Saturated fat gets most of the attention, but refined carbohydrates also worsen your cholesterol profile, just through a different path. High sugar intake, particularly from sweetened drinks, candy, pastries, and white bread, triggers the liver to produce more triglycerides and shifts your LDL particles from large, buoyant ones to small, dense ones. Small, dense LDL particles are more likely to embed in artery walls and drive plaque formation, making them more dangerous than their larger counterparts even at the same total LDL number.

Research on patients with type 2 diabetes showed that a very low carbohydrate diet reduced small dense LDL particles by about 23% and very small LDL particles by nearly 7% over two years, while increasing the proportion of large, less harmful LDL particles by 29%. You don’t need to go that extreme to see benefits. Cutting back on soda, fruit juice, white rice, white bread, and sugary cereals, and replacing them with whole grains, vegetables, and legumes, can shift your LDL particle profile in the right direction.
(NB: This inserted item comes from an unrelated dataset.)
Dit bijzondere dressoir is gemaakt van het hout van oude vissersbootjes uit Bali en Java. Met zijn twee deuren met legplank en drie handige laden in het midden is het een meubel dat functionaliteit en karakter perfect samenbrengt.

Baked Goods and Fried Foods

Commercially baked goods like croissants, doughnuts, muffins, pies, and cookies combine multiple LDL-raising ingredients in a single product: butter or shortening (saturated fat), sugar (refined carbs), and sometimes tropical oils. A single large bakery muffin can contain 5 to 8 grams of saturated fat plus 30 or more grams of sugar. These are among the most calorie-dense, nutrient-poor foods you can eat, and they hit both the saturated fat and refined carb pathways for raising LDL.
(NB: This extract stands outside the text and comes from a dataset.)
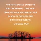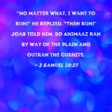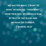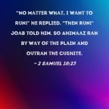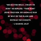 "No matter what, I want to run!" he replied. "Then run!" Joab told him. So Ahimaaz ran by way of the plain and outran the Cushite.
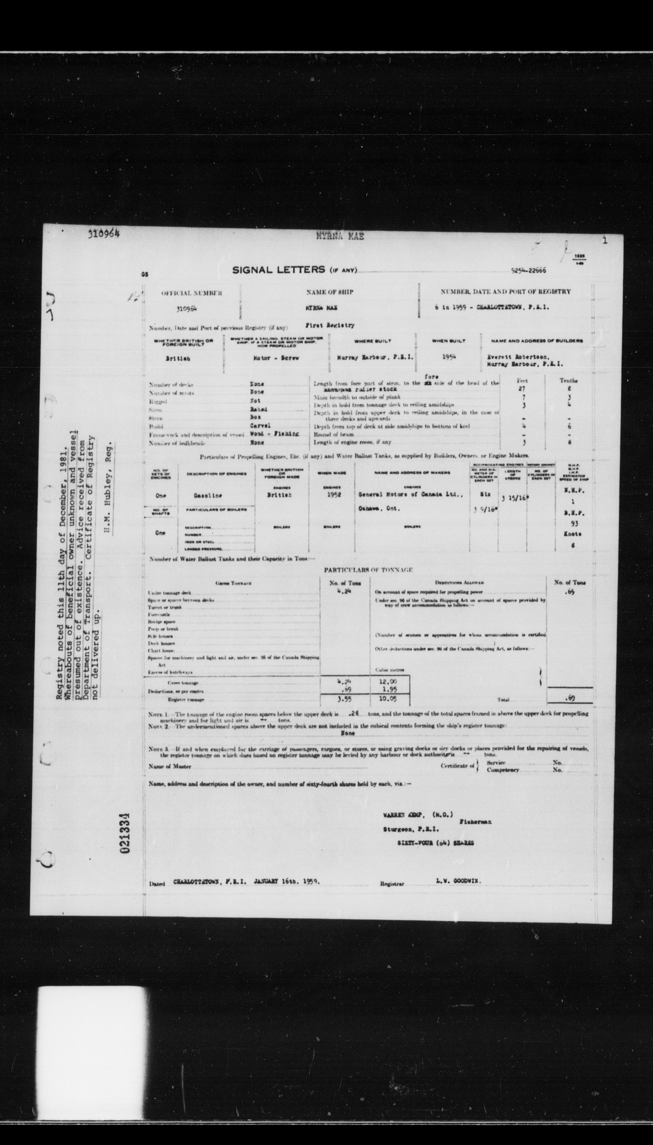 Department of Transport : Registers and ledgers cards of ships closed-out (1904-1983) - 11869

Fried foods present a similar problem. Deep-frying adds significant amounts of oil to whatever is being cooked. French fries, fried chicken, onion rings, and doughnuts absorb fat during cooking, and the type of oil used matters. Many restaurants still fry in palm oil or other high-saturated-fat blends. Even when fried in a healthier oil, the sheer volume of fat absorbed during frying increases total calorie and fat intake substantially. Baking, grilling, or air-frying are better preparation methods when lowering LDL is a priority.

Dietary Cholesterol: A Smaller Factor

For decades, foods high in dietary cholesterol (egg yolks, shrimp, organ meats) were considered primary villains. The science has shifted. Controlled trials show that for every 100 milligrams of dietary cholesterol consumed per day, LDL rises by only about 2 mg/dL on average. That’s a modest effect for most people. One large egg yolk contains roughly 186 milligrams of cholesterol, so the average person might see a 3 to 4 mg/dL increase from eating one egg daily.
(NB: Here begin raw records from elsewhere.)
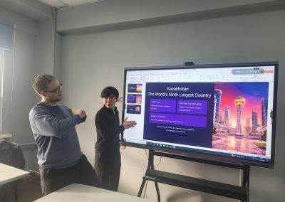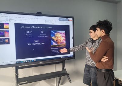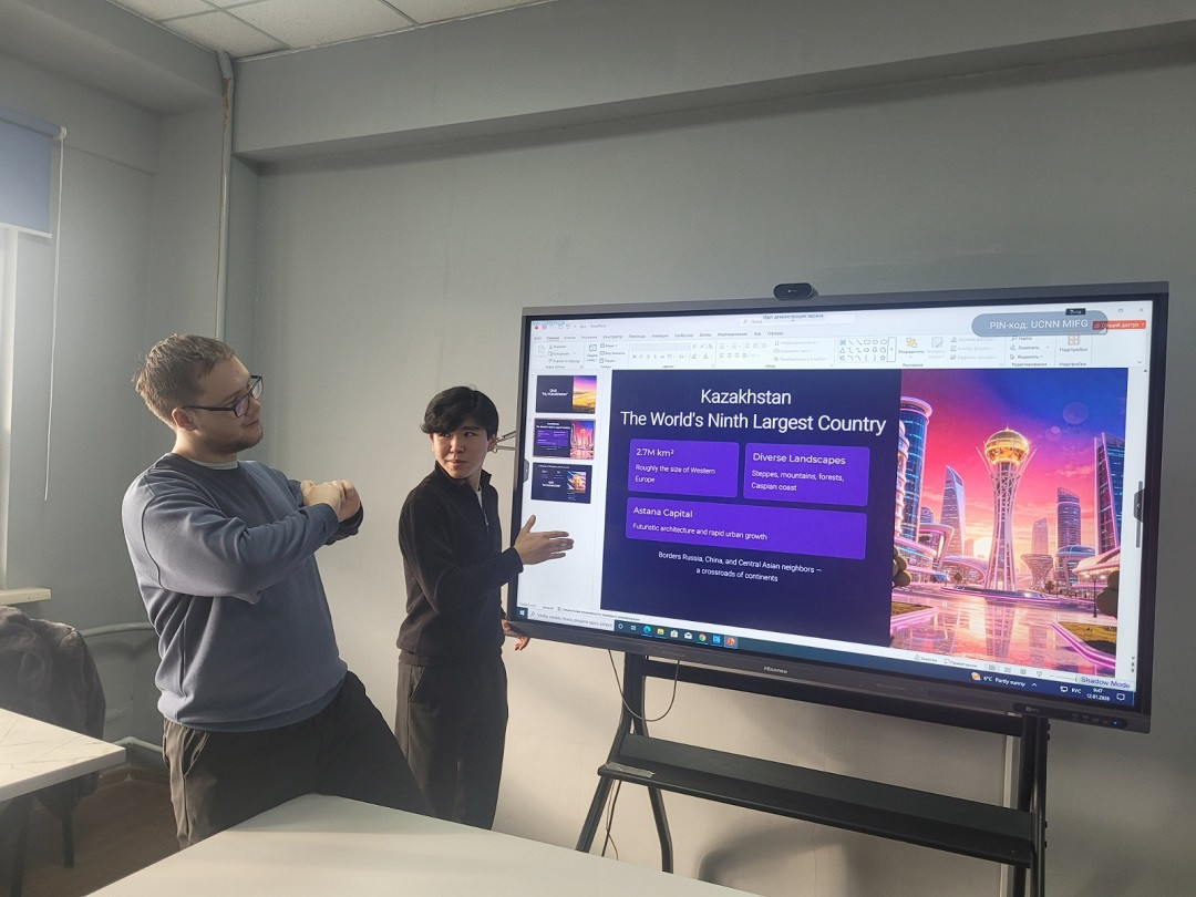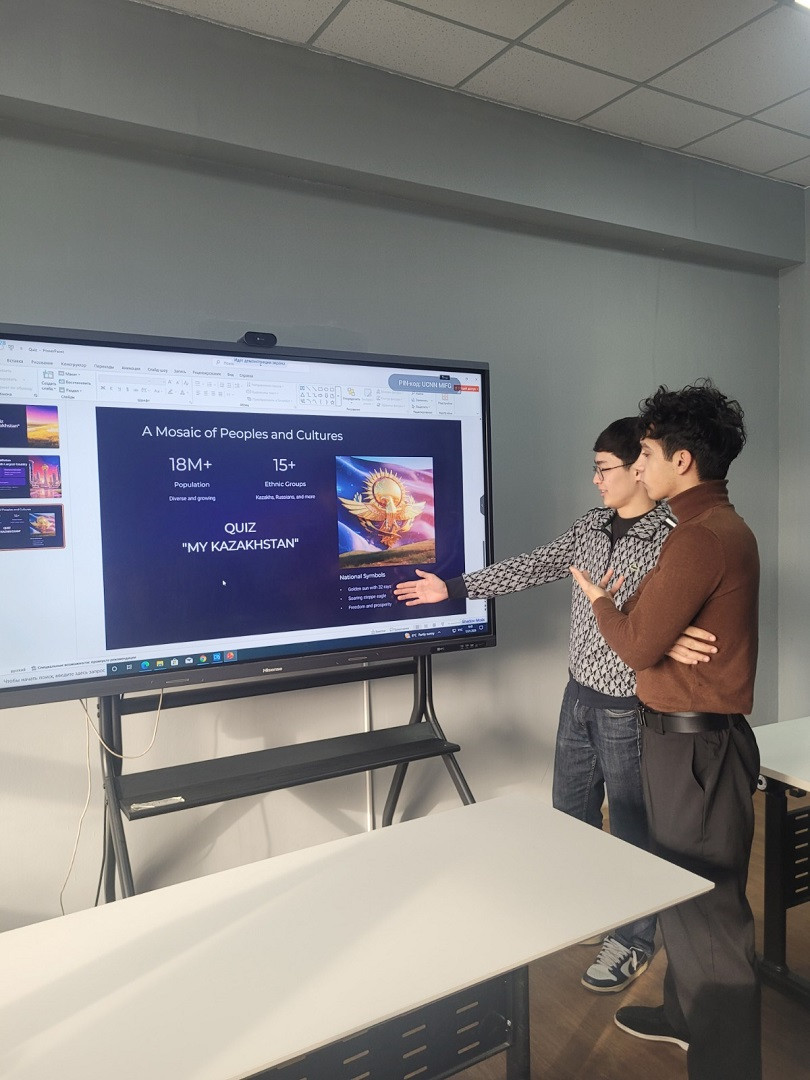 The quiz included questions on the geography, history, culture, education, and state symbols of the Republic of Kazakhstan. The format of the activity encouraged active student engagement: participants worked individually and in groups, discussed their answers, and justified their points of view in English.
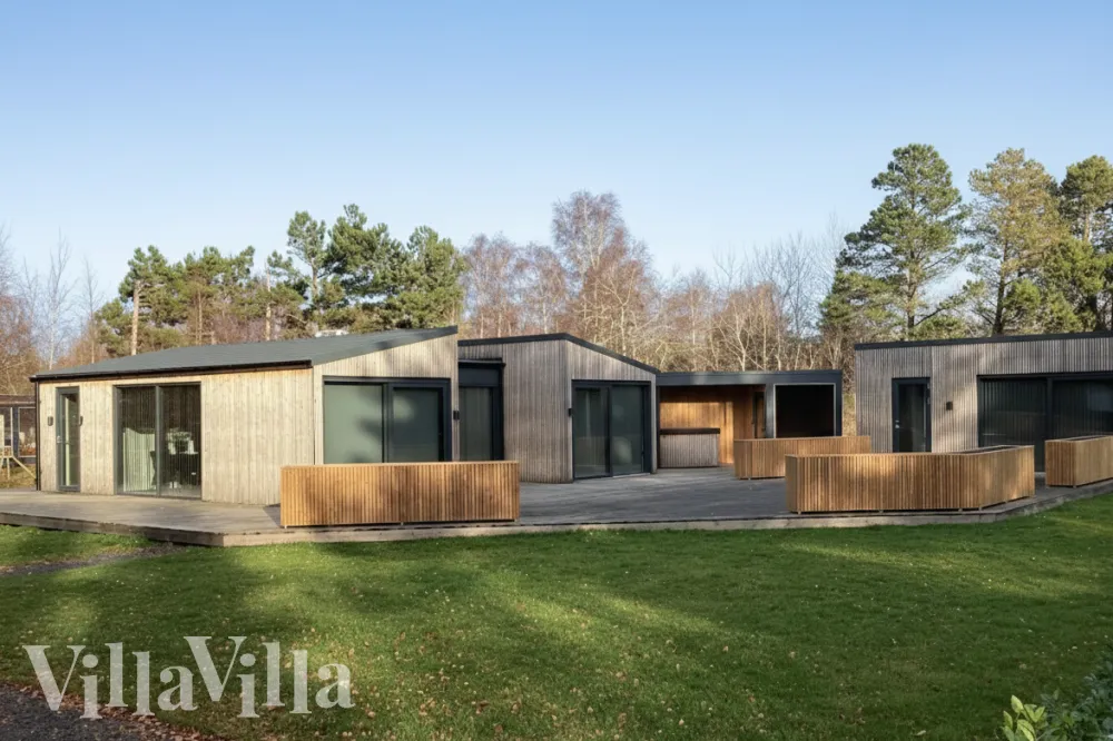 Semesterhuset är byggt i en modern och mysig stil med fokus på komfort och värme. Köket och vardagsrummet är kombinerade i ett öppet vardagsrum, där semestermåltider, spel och samtal flyter naturligt ihop. Köket är utrustat med allt du behöver för att enkelt laga mat till alla, medan vardagsrummet inbjuder till avkoppling med en soffgrupp, Smart-TV och sällskapsspel.
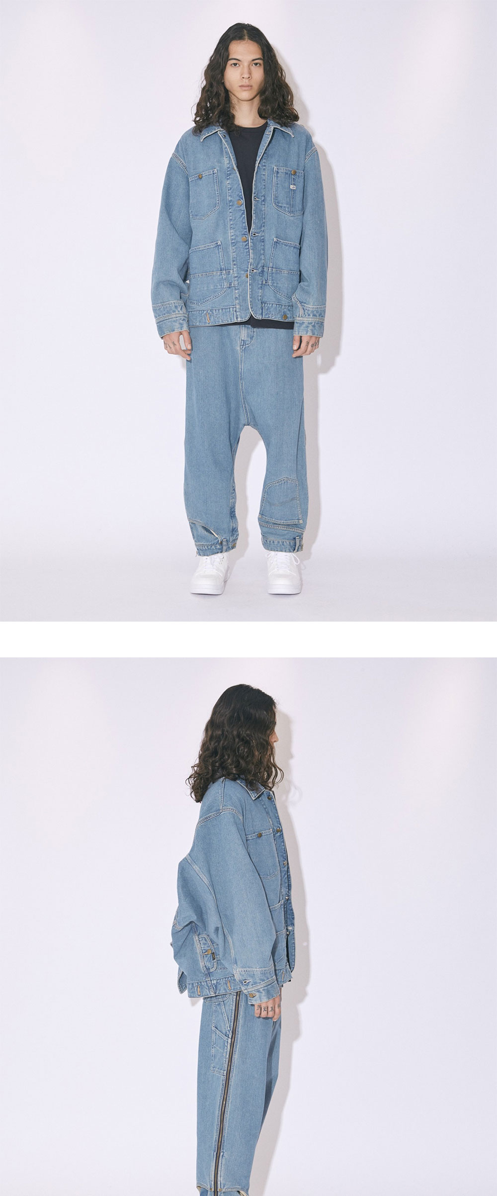 Beautiful People과 Lee가 첫 콜라보레이션으로 선보이는 투웨이 데님 블루종입니다. Lee의 대표작인 라이더 자켓과 워크 자켓을 한 벌로 즐길 수 있는 유니크한 아이템입니다. - 착용 방향에 따라 디자인이 변화하는 투웨이 데님 블루종 - 볼륨감 있는 디자인의 데님 블루종 - 밑단이 둥글게 처리된 독특한 패턴 - 옆선을 앞 요크로, 앞단을 앞자락으로 회전하여 착용할 수 있는 구조 - 여러 개의 포켓과 트리플 스티치 * 모델 신체 스펙 - 186cm / 착용 사이즈 42

The caveat: individual responses vary widely. Some people are “hyper-responders” whose LDL reacts much more sharply to dietary cholesterol. There’s currently no inexpensive test to determine which category you fall into. If your LDL is already elevated, it’s reasonable to moderate your intake of high-cholesterol foods while focusing your primary effort on reducing saturated fat, which has a much larger effect on LDL for most people.

How to Read Labels for LDL-Raising Fats

The Nutrition Facts panel lists saturated fat in grams and as a percentage of the Daily Value (%DV). The FDA’s general rule: 5% DV or less per serving is considered low, and 20% DV or more is considered high. For saturated fat, the Daily Value is set at 20 grams. So a food with 4 grams of saturated fat per serving (20% DV) is already a high-saturated-fat food. Look for products that stay at or below 5% DV for saturated fat per serving.

Pay attention to serving sizes. A bag of chips might list 2 grams of saturated fat per serving, but if the serving size is 10 chips and you eat 30, you’ve tripled your intake. Scan the ingredient list for coconut oil, palm oil, palm kernel oil, and any “partially hydrogenated” oils. These are the hidden sources that don’t always stand out on the front of the package.